Sample optimisation case study

Baseline target

func FuzzParseRequest(f *testing.F) {
    f.Add([]byte("GET / HTTP/1.1\r\nHost: x\r\n\r\n"))
    f.Fuzz(func(t *testing.T, data []byte) {
        req, err := ParseRequest(data)
        if err != nil {
            return
        }
        out := req.Format()
        req2, err := ParseRequest([]byte(out))
        if err != nil {
            t.Fatal(err)
        }
        if !reflect.DeepEqual(req, req2) {
            t.Fatal("round-trip")
        }
    })
}

Initial measurement: 3,200 iter/sec under -race.

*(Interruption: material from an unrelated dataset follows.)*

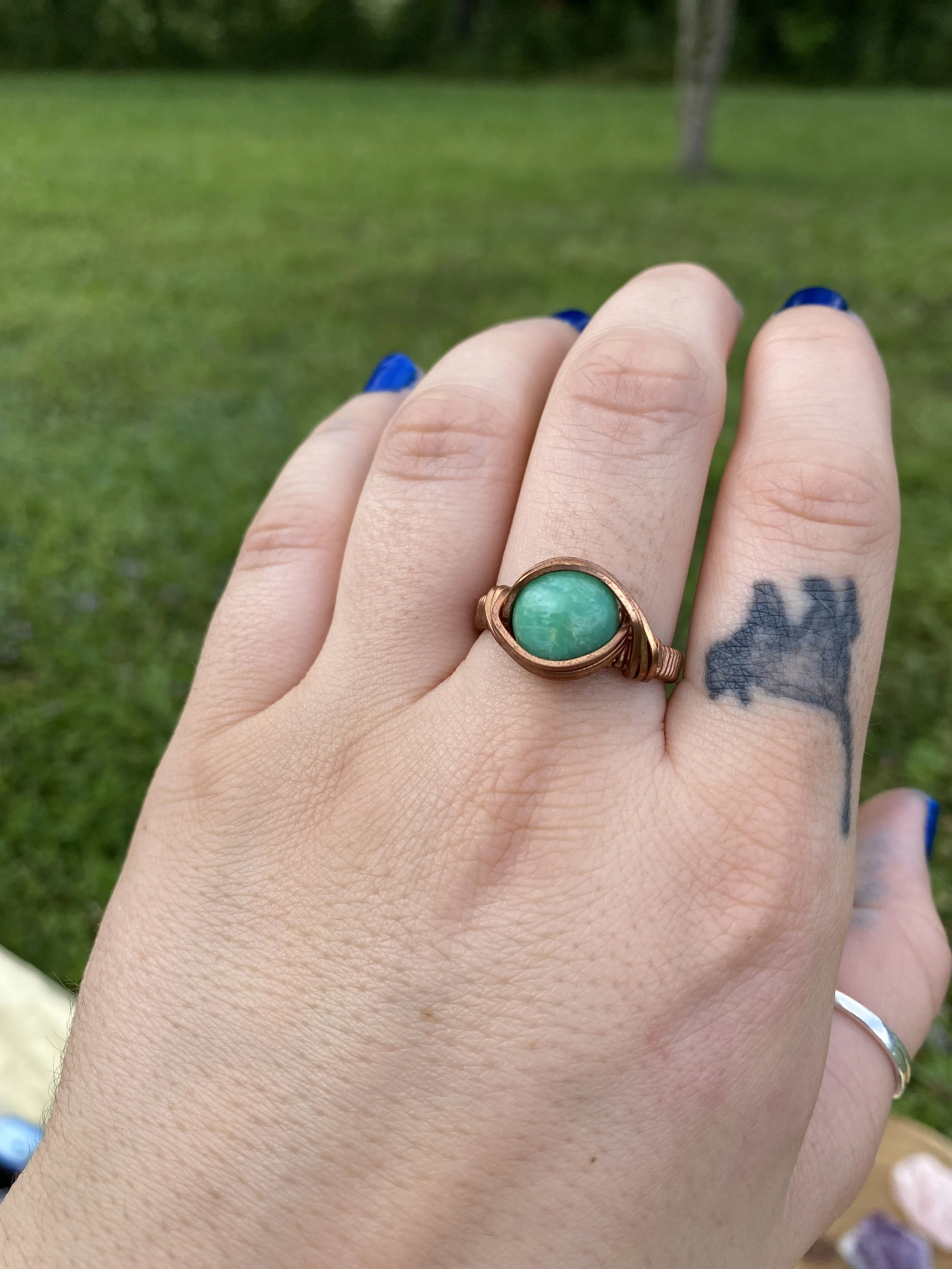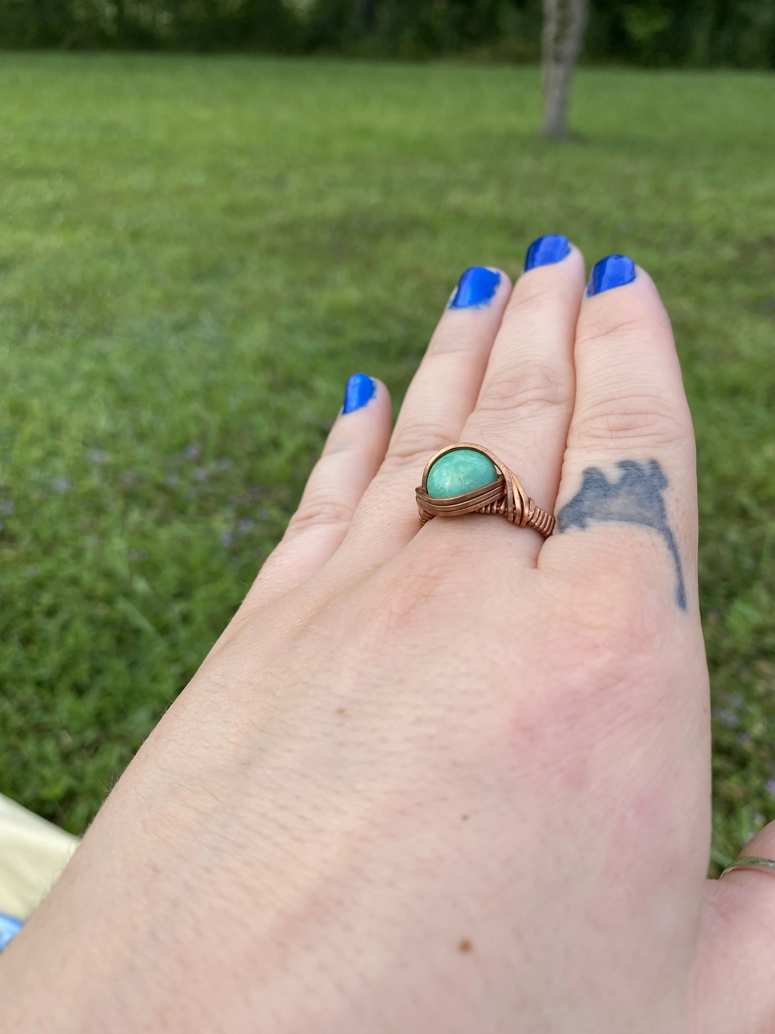 Chrysoprase Ring Wrapped in Copper - Size 9
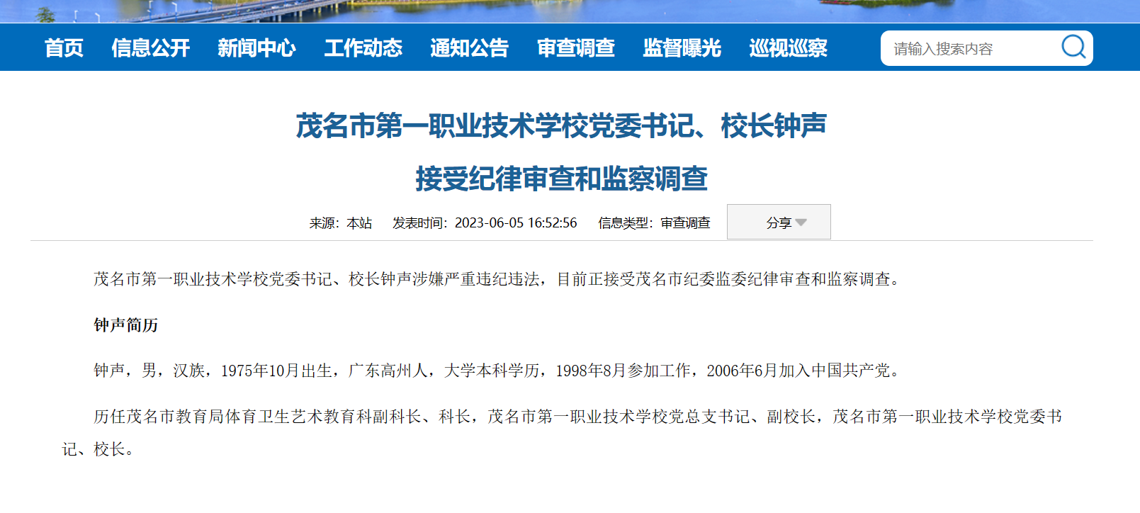 廖建诗是茂名市教育系统近一个月落马被查的第4位处级干部,其他三位分别 第一位:4月22日被查处的茂名市第一中学党委书记、校长洪喜亮 第二位:5月18日被查处的茂名市第一中学党委委员、副校长李文坤 第三位:5月20日被查处的茂名市教育局党组成员、副局长李杰

Profile shows:

  • string([]byte) conversion in out := req.Format() — 22% of time.
  • reflect.DeepEqual — 14% of time.
  • Repeated regexp.Compile inside ParseRequest — 19% of time.

Optimisations applied

  1. Cache the regex at package level: var headerRE = regexp.MustCompile(...). Eliminates 19%.
  2. Replace reflect.DeepEqual with a custom equality function specialised for the Request type. Saves 12%.
  3. Have Format write to a reusable bytes.Buffer instead of returning a string. Saves 18%.

Result

Iteration rate: 9,800 iter/sec under -race. 3× speedup. Same coverage, same invariants, same corpus.

Takeaway

Profiling identifies the easy wins. Most fuzz targets have at least one 2–3× speedup available within an hour of work.


Summary

Optimising fuzz targets is engineering work with high payoff. The cost is paid once; the benefit accrues forever. Aim for at least 10,000 iter/sec under -race; pursue 100,000+ when feasible. Reduce allocations, use worker pools instead of per-iteration goroutine spawn, cap loop bounds derived from input, and profile representative replays to find the hot spots. Tune -fuzztime to a budget that fits CI windows. Shard fuzz targets across CI jobs for near-linear speedup. Curate seed corpora deliberately. Manage $GOCACHE/fuzz/ with periodic cleans. The discipline pays for itself the first time the fuzzer finds a race in seconds instead of hours.